I gave up on God, as did so many.

It was easier for me than it was for a lot of them. I’d never been especially religious. I’d never been all that attached to the synagogue. I was just a boy, remember, and in the years before the camp I’d been more of an outdoor type than a religious scholar. I guess I was an Animist by nature if I was anything at all, which meant that while I was in the death camp I missed the Carpathians more than I missed the Almighty.

Blessed be He.

Old habits die hard, you see, but they’re just habits. Just habits, in the end.

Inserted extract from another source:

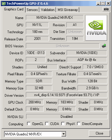 Quadro2 MXR/EX GPUZ
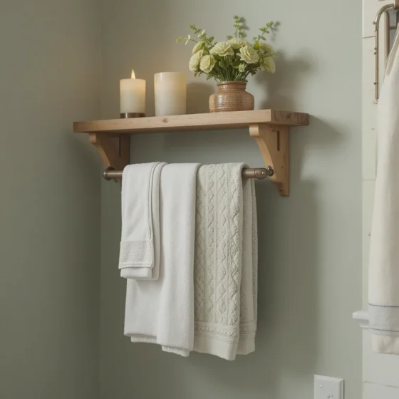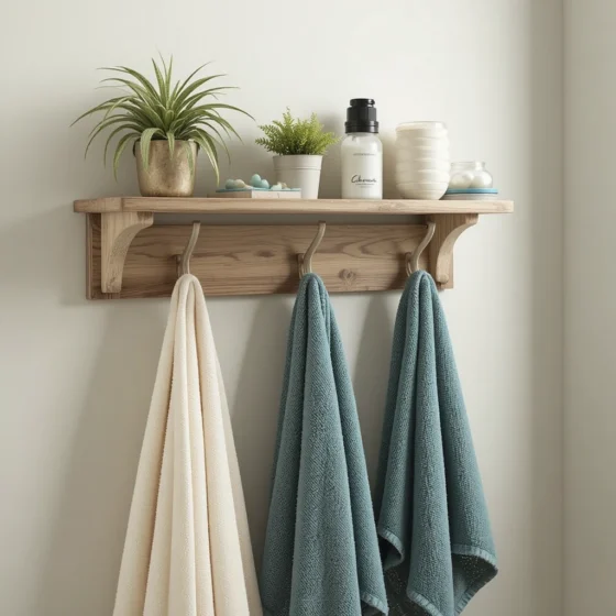 A wall-mounted towel rack with hooks offers the best of both worlds. Hang your towels neatly while using the top shelf to display decorative items like candles, plants, or essential oils for a personalized touch.

I remember men who would cry out in the night, though, hammering at the wood of their bunks and hammering at their own chests, struggling to understand how their God had forsaken them. They’d have torn at their clothes if they’d been dressed in anything other than rags already and if a man couldn’t have been shot for destroying the property of the Reich. The racket was all around me some nights, lamentation on an ancient and biblical scale, and all it did was keep me awake.

I don’t remember my father going through it. I don’t think he thought about God much. He was too busy worrying about my mother and me.

 

 

 

 

Sixteen

 

 

Gretel holds off on telling Eidel’s story until she’s gotten a good look at the picture she’s inscribing into the ceiling of the bunk. So she works on other things whenever she has a spare moment. Writing down the stories other women have told her, and searching for a likely place to hide the new jar that she’s nearly filled up already. The secret place behind the block where the water drains from the roof has proven to be a problem. She passed it last week and caught from the corner of her eye a glint of the old vinegar bottle, which apparently wasn’t buried deeply enough. Snowmelt had washed away gravel and undermined some of the earth beneath it and left a bit of glass exposed. She must get to that, too. She must cover the bottle again, before it’s discovered and dug out and emptied and all of her work comes to nothing. Her testimony scattered, reduced to a thing no more credible or lasting than birdsong.